(Items from a dataset)
——

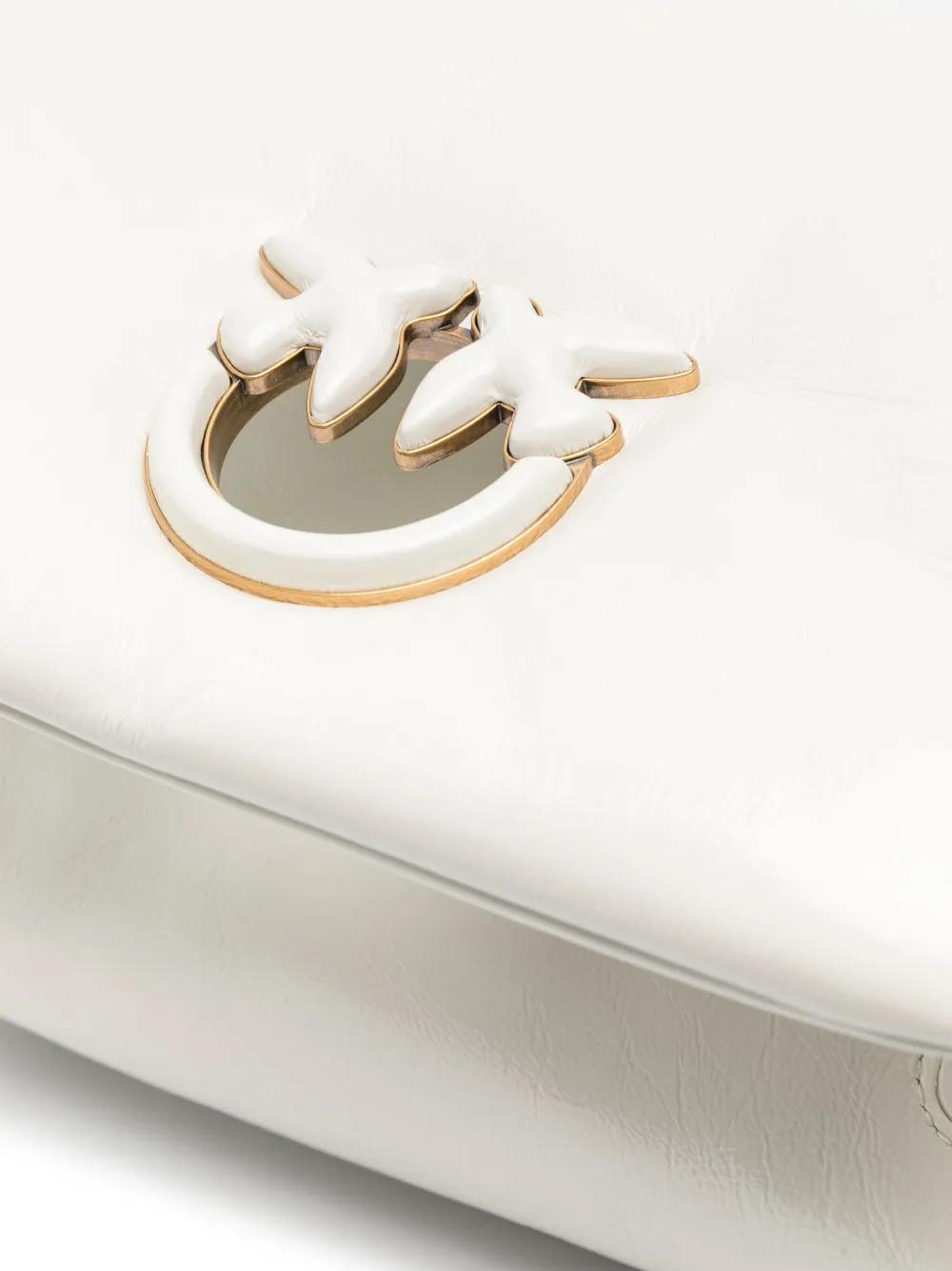 cream white calf leather signature Love Birds buckle grained texture gold-tone hardware foldover top with magnetic fastening detachable shoulder strap internal zip-fastening pocket partitioned compartment
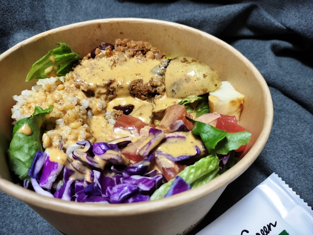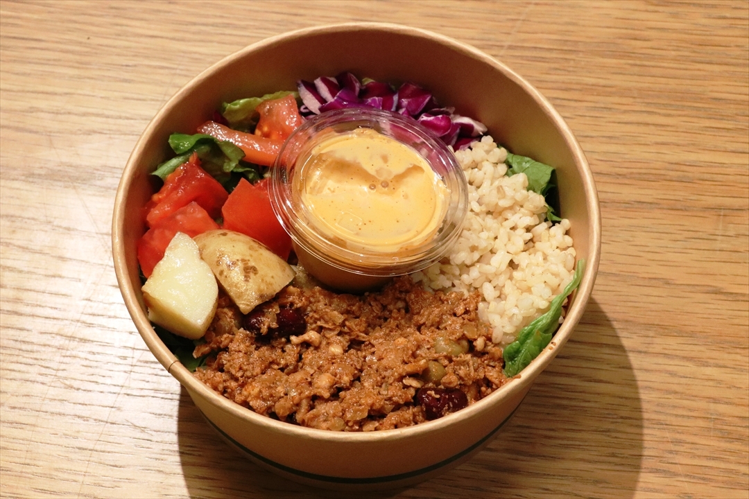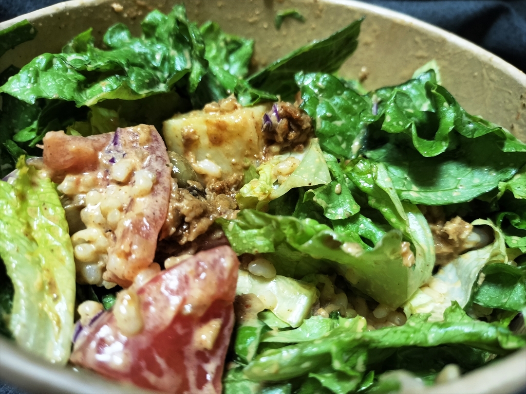ドレッシングをかけて一度ふたを閉じてフリフリしいてまぜる。香りからしてメキシカン意外に考えられないくらいにわかりやすい。新じゃがは味に主張があり、決して添え物ではないことがわかる。玄米とチリコンカンの組み合わせはもはやサラダではないのではなかろうかと思わせるが、同社のサラダに「野菜でなければダメ」という定義はない。よって好きなものを加えて美味しく「野菜も」採ろうねという考え方がいいのだ。
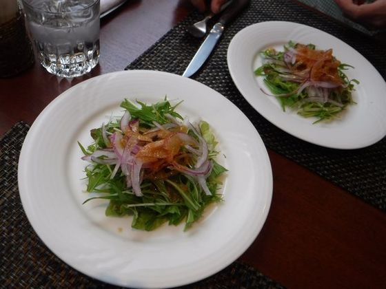 サラダは今日はレッドオニオン。前回はダイコンでした。
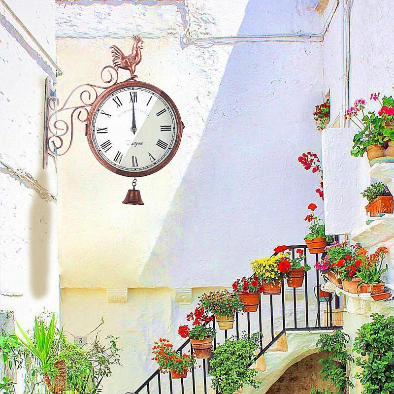 Reloj de gallo para colgar en la pared de hierro minimalista, decoración artística creativa para el hogar, reloj colgante de doble cara, sala de estar
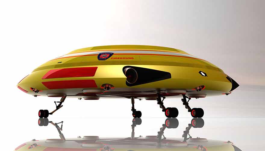 Sa dernière trouvaille consiste dans une soucoupe volante étrange : Firesound, un drone qui vole en sustentation au-dessus des forêts et zones à risques. D’un diamètre d’un mètre et d’une épaisseur de 30 cm, la soucoupe est fabriquée à l’aide de matériaux composites légers et fonctionnera à l’aide d’une pile à hydrogène non polluante, qui sera capable d’alimenter quatre turboréacteurs placés de chaque côté du Firesound.
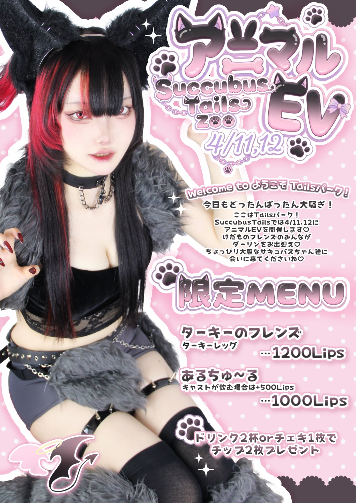 【サキュバスシーシャ TAILS】 4/11(土)~4/12(日) アニマルイベント🐾
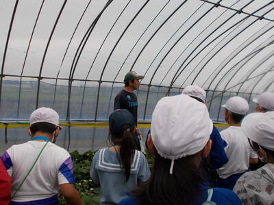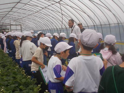 朝は強い雨が降る中でしたが、いちご農家やいちご情報館を見学しました。午後はスーパーマーケットの見学をした後、買い物をしました。
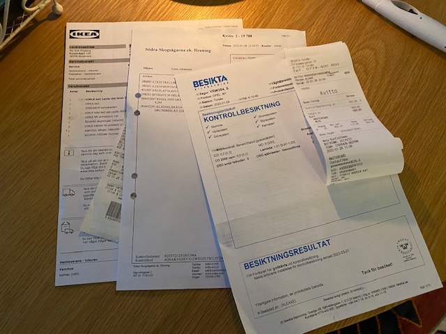 Resten går av bara farten. Besiktningen blir som en bal på slotten, som i en dröm glider jag vidare till Södra Timbre för att köpa virke till bokhyllan i nya ateljén och för att fira ännu en seger åker vi till Ikea för att köpa en dyr bäddsoffa och en ny sängstomme till torpet och nu har vi beseglat dagen med hennes fredagsdrink (Dry Martini) och jag bjuder tillbaka med en gambas ajillo med ett lagom gott vitt vin.

——

When you repeat the records, reproduce each line exactly and drop the images.

ANSWER SPACE:
 cream white calf leather signature Love Birds buckle grained texture gold-tone hardware foldover top with magnetic fastening detachable shoulder strap internal zip-fastening pocket partitioned compartment
ドレッシングをかけて一度ふたを閉じてフリフリしいてまぜる。香りからしてメキシカン意外に考えられないくらいにわかりやすい。新じゃがは味に主張があり、決して添え物ではないことがわかる。玄米とチリコンカンの組み合わせはもはやサラダではないのではなかろうかと思わせるが、同社のサラダに「野菜でなければダメ」という定義はない。よって好きなものを加えて美味しく「野菜も」採ろうねという考え方がいいのだ。
 サラダは今日はレッドオニオン。前回はダイコンでした。
 Reloj de gallo para colgar en la pared de hierro minimalista, decoración artística creativa para el hogar, reloj colgante de doble cara, sala de estar
 Sa dernière trouvaille consiste dans une soucoupe volante étrange : Firesound, un drone qui vole en sustentation au-dessus des forêts et zones à risques. D’un diamètre d’un mètre et d’une épaisseur de 30 cm, la soucoupe est fabriquée à l’aide de matériaux composites légers et fonctionnera à l’aide d’une pile à hydrogène non polluante, qui sera capable d’alimenter quatre turboréacteurs placés de chaque côté du Firesound.
 【サキュバスシーシャ TAILS】 4/11(土)~4/12(日) アニマルイベント🐾
 朝は強い雨が降る中でしたが、いちご農家やいちご情報館を見学しました。午後はスーパーマーケットの見学をした後、買い物をしました。
 Resten går av bara farten. Besiktningen blir som en bal på slotten, som i en dröm glider jag vidare till Södra Timbre för att köpa virke till bokhyllan i nya ateljén och för att fira ännu en seger åker vi till Ikea för att köpa en dyr bäddsoffa och en ny sängstomme till torpet och nu har vi beseglat dagen med hennes fredagsdrink (Dry Martini) och jag bjuder tillbaka med en gambas ajillo med ett lagom gott vitt vin.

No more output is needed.